Segment Start: AVAILABLE DATA

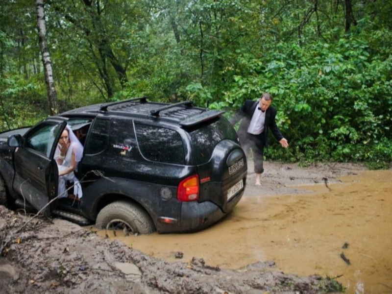 Suddenly, it is time to push the car! This unexpected event adds a real-life adventure to the wedding festivities.
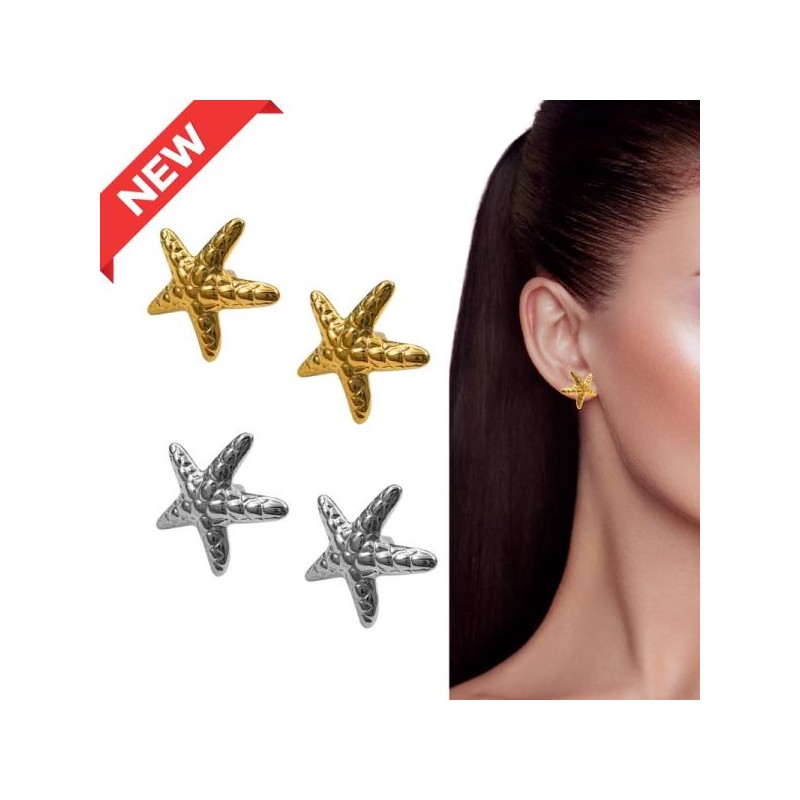 PENDIENTES ACERO INOXIDABLE ESTRELLAS DE MAR DE 2 CM ALTO Y ANCHO CIERRE DE PRESIÓN, DOS ACABADOS
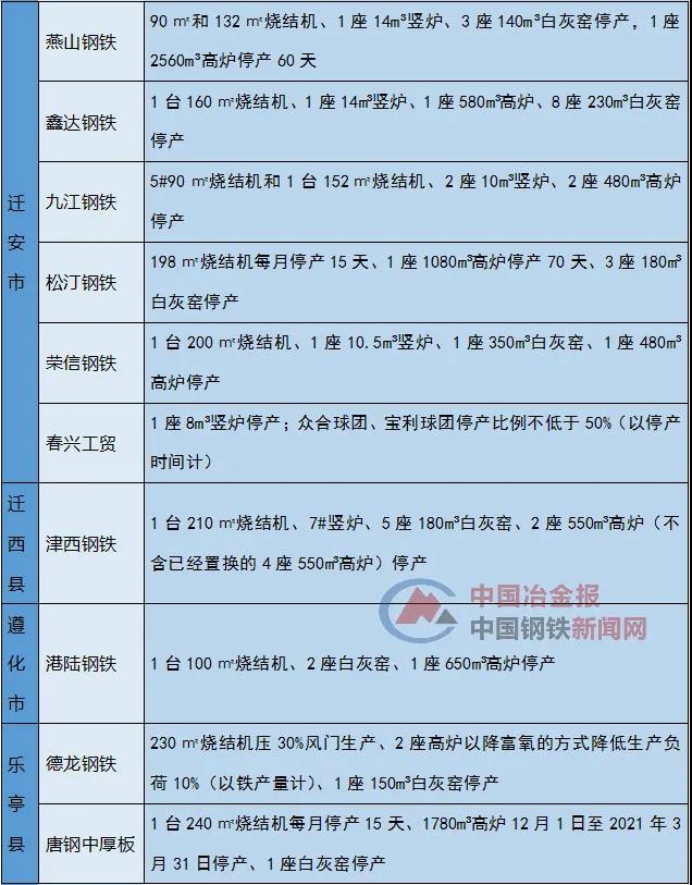 11月3日,唐山市人民政府办公室印发《唐山市2020-2021年度秋冬季空气质量强化保障方案》(以下简称《方案》)。按照该《方案》,2020年11月1日0时至2021年3月31日24时,除了绩效评级为A级的首钢迁钢、首钢京唐公司采取自主减排外,其他唐山钢企均要不同程度实施停限产。
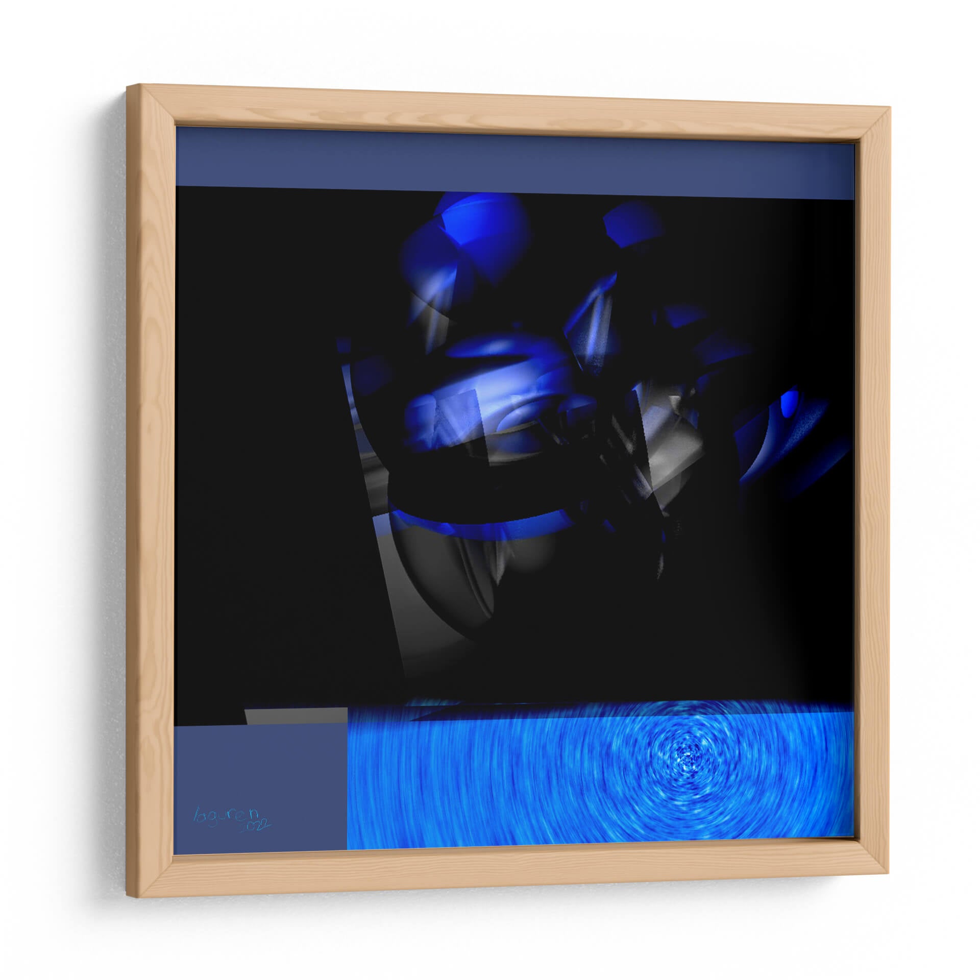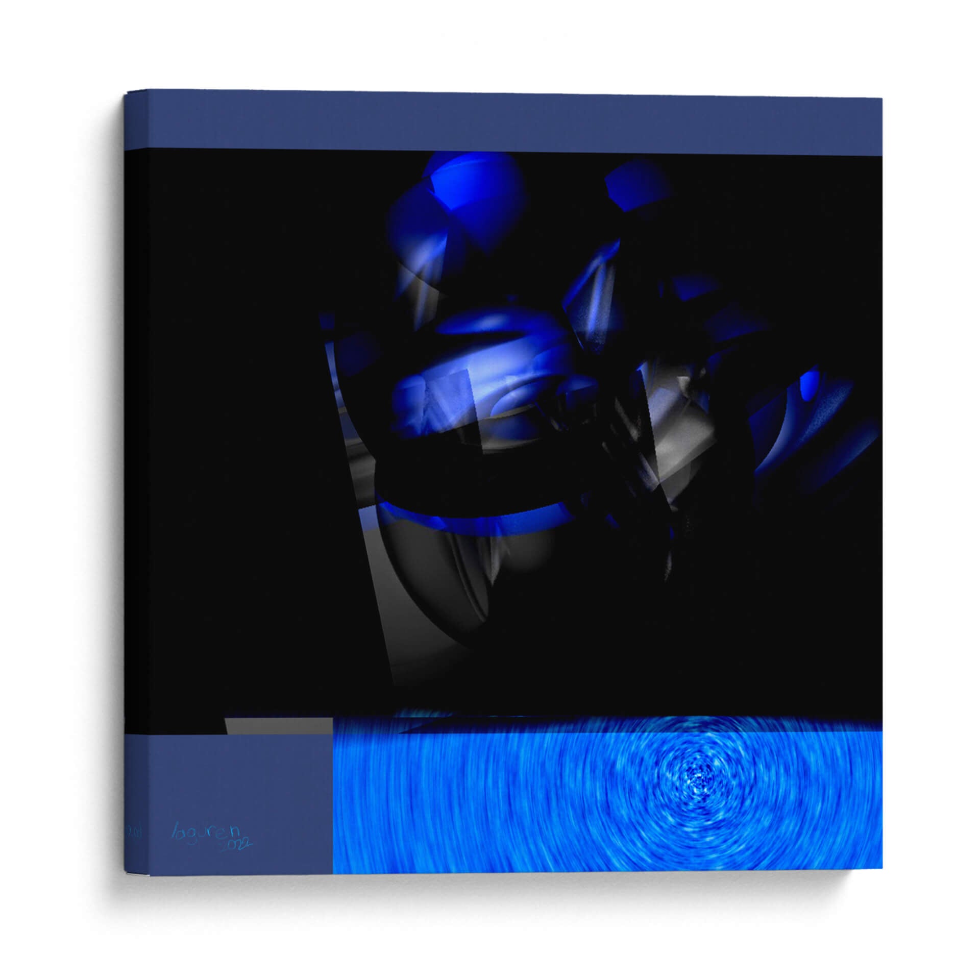 Sumérgete en la dinámica y cautivadora obra "movimiento # 14" del artista LAGUREN, una pieza que redefine la abstracción contemporánea. Este cuadro decorativo irradia una energía vibrante a través de su audaz uso del color azul eléctrico, contrastando con profundos negros y sutiles grises. Las formas geométricas fragmentadas y las luces translúcidas crean una sensación de profundidad y misterio, invitando a la contemplación. La composición, que fusiona elementos nítidos con texturas etéreas, sugiere un flujo constante y una transformación continua, como si capturara un instante fugaz de un proceso dinámico. La parte inferior de la obra presenta un vórtice hipnótico de líneas azules, que evoca movimiento y profundidad, añadiendo una capa adicional de intriga visual. "movimiento # 14" es ideal para espacios que buscan un toque de modernidad y sofisticación, ya sea en una sala de estar, un estudio o una oficina. Su impacto visual lo convierte en un punto focal excepcional, capaz de inspirar conversaciones y añadir personalidad a cualquier ambiente.

Segment End: AVAILABLE DATA

WHAT IS REQUIRED: Print exactly the lines above that run from the one with "PENDIENTES ACERO INOXIDABLE" to the one with "11月3日,唐山市人民政府办", both included. No pictures.

TASK OUTPUT:
 PENDIENTES ACERO INOXIDABLE ESTRELLAS DE MAR DE 2 CM ALTO Y ANCHO CIERRE DE PRESIÓN, DOS ACABADOS
 11月3日,唐山市人民政府办公室印发《唐山市2020-2021年度秋冬季空气质量强化保障方案》(以下简称《方案》)。按照该《方案》,2020年11月1日0时至2021年3月31日24时,除了绩效评级为A级的首钢迁钢、首钢京唐公司采取自主减排外,其他唐山钢企均要不同程度实施停限产。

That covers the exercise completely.